◆ To do ◆
From the records below, copy out exactly the lines from the one containing "Лента, сеть гипермаркетов" to the one containing "Tools & Home", both included. Add nothing else.

◆ Data excerpts ◆
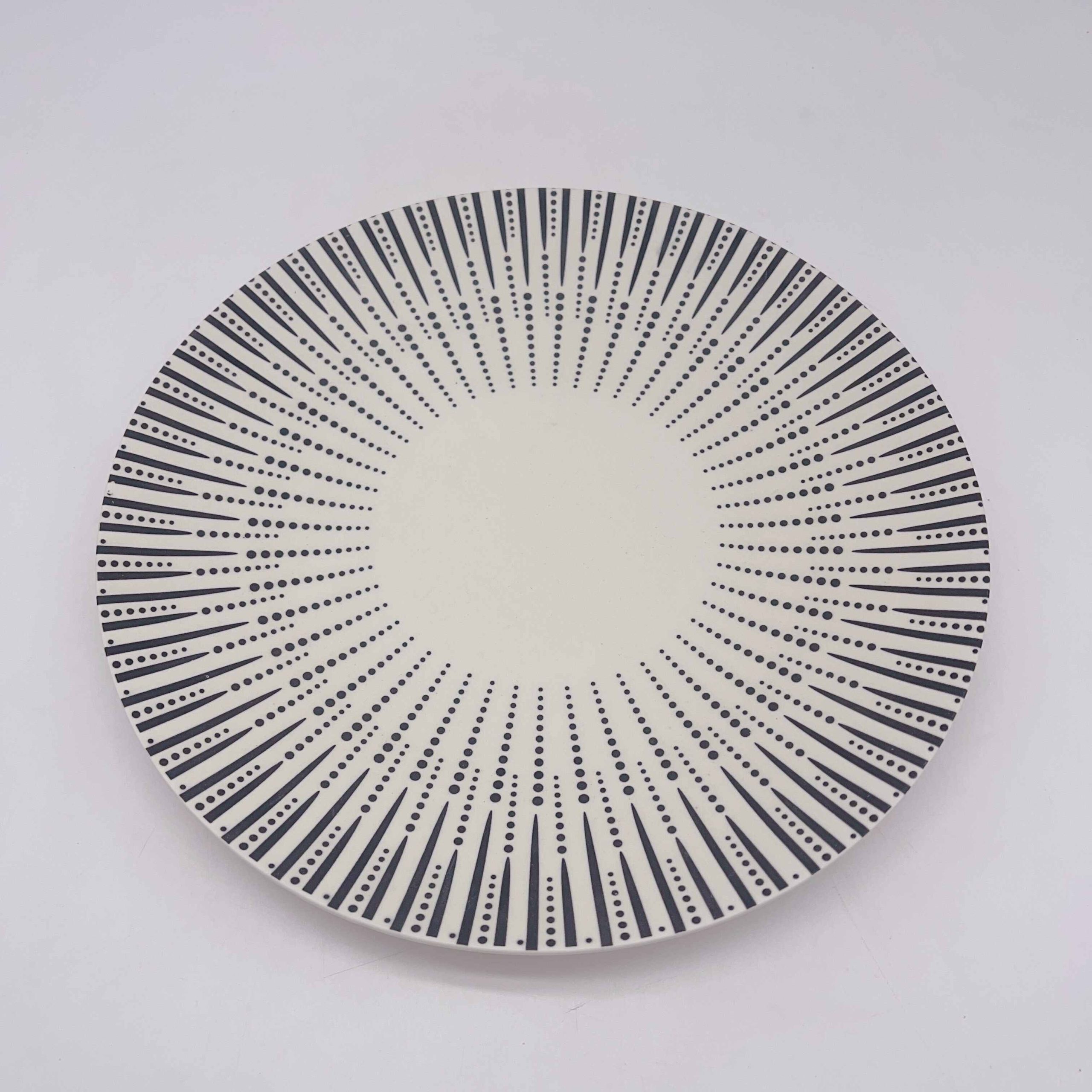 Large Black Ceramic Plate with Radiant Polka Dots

* * *

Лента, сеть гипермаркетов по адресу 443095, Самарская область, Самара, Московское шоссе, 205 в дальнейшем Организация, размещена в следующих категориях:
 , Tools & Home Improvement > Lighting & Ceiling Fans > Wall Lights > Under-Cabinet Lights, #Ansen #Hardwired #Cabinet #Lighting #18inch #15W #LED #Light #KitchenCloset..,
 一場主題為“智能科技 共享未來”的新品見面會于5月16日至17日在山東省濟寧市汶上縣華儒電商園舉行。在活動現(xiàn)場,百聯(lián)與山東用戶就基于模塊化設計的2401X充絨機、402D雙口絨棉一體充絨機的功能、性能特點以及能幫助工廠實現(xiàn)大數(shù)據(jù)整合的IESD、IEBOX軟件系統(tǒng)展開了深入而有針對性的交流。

---

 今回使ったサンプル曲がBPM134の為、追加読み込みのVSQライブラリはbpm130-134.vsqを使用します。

◆ Result for this task ◆
Лента, сеть гипермаркетов по адресу 443095, Самарская область, Самара, Московское шоссе, 205 в дальнейшем Организация, размещена в следующих категориях:
 , Tools & Home Improvement > Lighting & Ceiling Fans > Wall Lights > Under-Cabinet Lights, #Ansen #Hardwired #Cabinet #Lighting #18inch #15W #LED #Light #KitchenCloset..,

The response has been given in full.